There are different ways to call infacmd runmapping command, for example the command can be put in a shell script and the script can be called from the DAG.

 

 

#Start Code

import airflow
from airflow import DAG
from airflow.operators.bash_operator import BashOperator
from datetime import datetime, timedelta


# these args will get passed on to each operator
# you can override them on a per-task basis during operator initialization
default_args = {
'owner': 'infa',
'depends_on_past': False,
'email': ['airflow@example.com'],
'email_on_failure': False,
'email_on_retry': False,
'retries': 1,
'retry_delay': timedelta(minutes=1),
'start_date': datetime.now() - timedelta(seconds=10),
# 'queue': 'bash_queue',
# 'pool': 'backfill',
# 'priority_weight': 10,
# 'end_date': datetime(2016, 1, 1),
# 'wait_for_downstream': False,
# 'dag': dag,
# 'adhoc':False,
# 'sla': timedelta(hours=2),
# 'execution_timeout': timedelta(seconds=300),
# 'on_failure_callback': some_function,
# 'on_success_callback': some_other_function,
# 'on_retry_callback': another_function,
# 'trigger_rule': u'all_success'
}

dag = DAG(
'Informatica_Bigdata_Demo',
default_args=default_args,
description='A simple Informatica BDM DAG')

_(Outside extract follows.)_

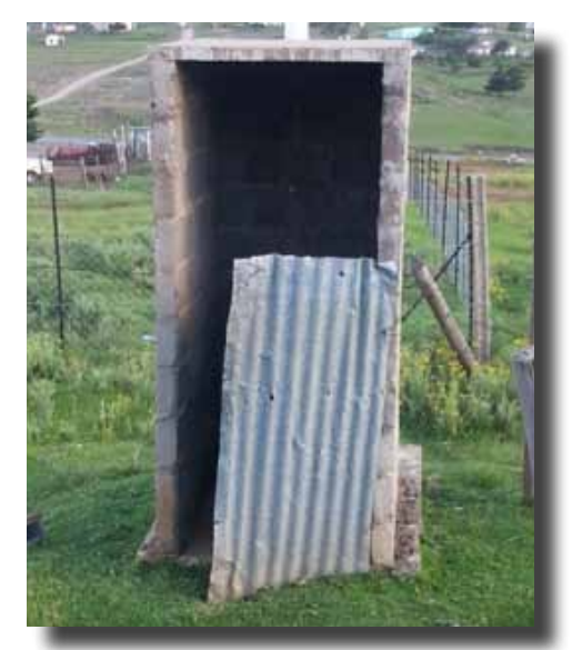
Figure 19: A problem with the ANDM sanitation programme and many similar programmes elsewhere in South Africa is a lack of quality guidelines and/ or quality control. The latrines in the background were built by one of the service providers in the first phase of the programme. The doors proved to be not durable and now need to be replaced.

# Printing start date and time of the DAG

t1 = BashOperator(
task_id='print_date',
bash_command='date',
dag=dag)


t2 = BashOperator(
task_id='mapping_calling_webservice',
depends_on_past=False,
bash_command='infacmd.sh ms RunMapping -dn infa_dom_1021 -sn dis_bdm_cdh -un Administrator -m m_01_Get_States_Rest_Webservice -a Application_m_01_Get_States_Rest_Webservice -pd admin',
dag=dag)


t3 = BashOperator(
task_id='mapping_parsing_json',
depends_on_past=True,
bash_command='infacmd.sh ms RunMapping -dn infa_dom_1021 -sn dis_bdm_cdh -un Administrator -m m_02_Parse_Webservice_Output -a Application_m_02_Parse_Webservice_Output',
dag=dag)


t4 = BashOperator(
task_id='Read_Oracle_load_Hive',
depends_on_past=False,
bash_command='infacmd.sh ms RunMapping -dn infa_dom_1021 -sn dis_bdm_cdh -un Administrator -m m_Read_Oracle_Customers_Write_Hive_Python -a Application_m_Read_Oracle_Customers_Write_Hive_Python',
dag=dag)



t1.set_downstream(t2)
t2.set_downstream(t3)
t4.set_upstream(t1)

 

 

# End code

 

 

Restart the airflow webserver and the Informatica_Bigdata_Demo DAG will appear in the list of DAG’s

 

 

 

Click on the DAG and go to Graph View, it gives a better view of orchestration.

 

 

 

Run the DAG and you will see the status of the DAG’s running in the Airflow UI as well as the Informatica monitor

 

 

 

The above DAG code can be extended to get the mapping logs, status of the runs.